** Problem requirements **
Each line below needs to be returned exactly. Skip any picture.

** Dataset excerpt **
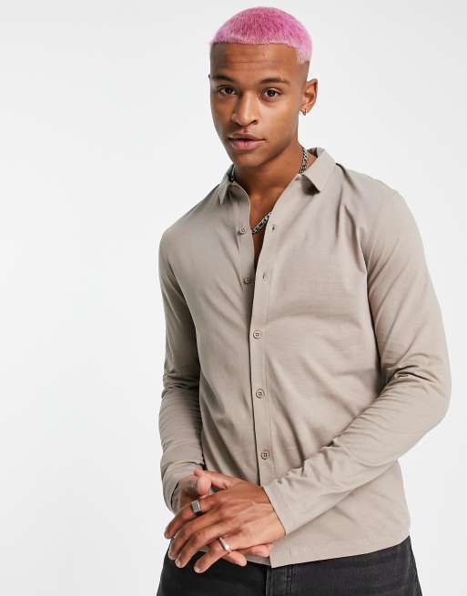 ASOS DESIGN – Ljusbrun jersey-skjorta med långa ärmar och knäppning
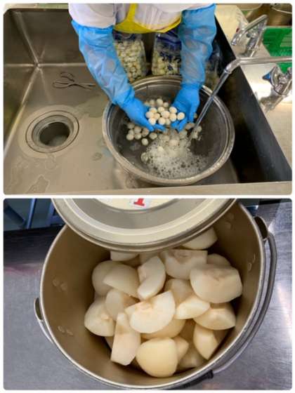前回同様、調理員さんが約700人分のなしを、1つ1つ手作業で芯を取り除き皮をむいてくれました。(写真1番下)
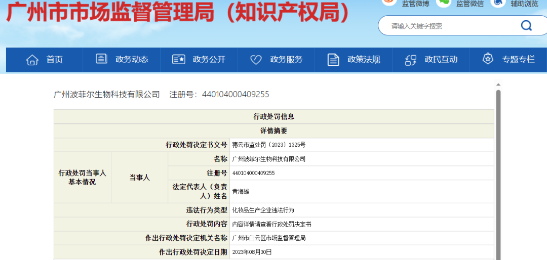 日前(8月30日),聚美麗從廣州市場(chǎng)監(jiān)督管理局(以下簡(jiǎn)稱:廣州市監(jiān)局)獲悉,廣州波菲爾生物科技有限公司(以下簡(jiǎn)稱:波菲爾)因化妝品生產(chǎn)違法行為,被處罰531.8萬。

** Response **
 ASOS DESIGN – Ljusbrun jersey-skjorta med långa ärmar och knäppning
前回同様、調理員さんが約700人分のなしを、1つ1つ手作業で芯を取り除き皮をむいてくれました。(写真1番下)
 日前(8月30日),聚美麗從廣州市場(chǎng)監(jiān)督管理局(以下簡(jiǎn)稱:廣州市監(jiān)局)獲悉,廣州波菲爾生物科技有限公司(以下簡(jiǎn)稱:波菲爾)因化妝品生產(chǎn)違法行為,被處罰531.8萬。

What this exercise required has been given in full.